The bounce > 2u guard ensures the first few bounces always run — you don’t want to randomly kill a primary ray. My first cut of this was missing this and I got a very “partial” screen - lots of space. But after that, dim paths are likely to be terminated and bright paths continue until they find light or fade to nothing.


Why Is Everything So Noisy?

At low sample counts, each pixel’s estimate is based on a handful of random paths. Some paths happen to hit a light source — they return bright values. Other paths bounce into shadows — they return dark values. The average of these few samples is far from the true answer, and neighbouring pixels get different random paths, so they disagree. That disagreement is noise.

The dungeon at 1 sample per pixel. Every pixel fired a single random path. The image is technically correct — each pixel is an unbiased estimate of the true colour — but the variance is enormous.

The noise follows a $1/\sqrt{N}$ convergence rate. Doubling your samples halves the standard deviation. To reduce noise by a factor of 10, you need 100× more samples. This is why brute-force path tracing is so expensive: visually clean images require hundreds or thousands of samples per pixel.

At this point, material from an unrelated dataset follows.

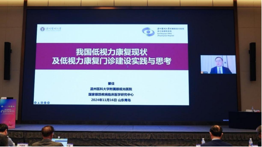 温州医科大学附属眼视光医院终身名誉院长瞿佳教授作了题为“我国低视力康复现状及低视力康复门诊建设实践与思考”的报告,介绍了我国防盲致盲工作及对低视力康复的调研情况,指出唤醒全社会的低视力康复意识迫在眉睫,强调区分低视力和盲的重要性,总结了低视力与视觉康复中心建设过程中的困境及解决方案。

At 1280×800 with 4 bounces, the numbers are unforgiving. Each sample per pixel traces a path of up to 4 rays through the BVH, and there are 1,024,000 pixels:

Samples/pixel Rays per frame Time at 330M rays/sec Framerate Noise relative to 1 spp
1 ~4M 12ms ~80fps 1.0×
16 ~65M 200ms ~5fps 0.25× (4× cleaner)
512 ~2.1B 6.4s ~0.15fps 0.044× (23× cleaner)

At 1 sample per pixel you get 80fps and an image that’s pure noise. At 16 samples you can start to make out the scene, but you’re at 5fps — not interactive, and still visibly grainy. To get a genuinely clean image you need hundreds or thousands of samples, which means seconds per frame. The path tracer at 512 spp takes over six seconds to render a single frame, and even that isn’t fully converged in the darkest corners.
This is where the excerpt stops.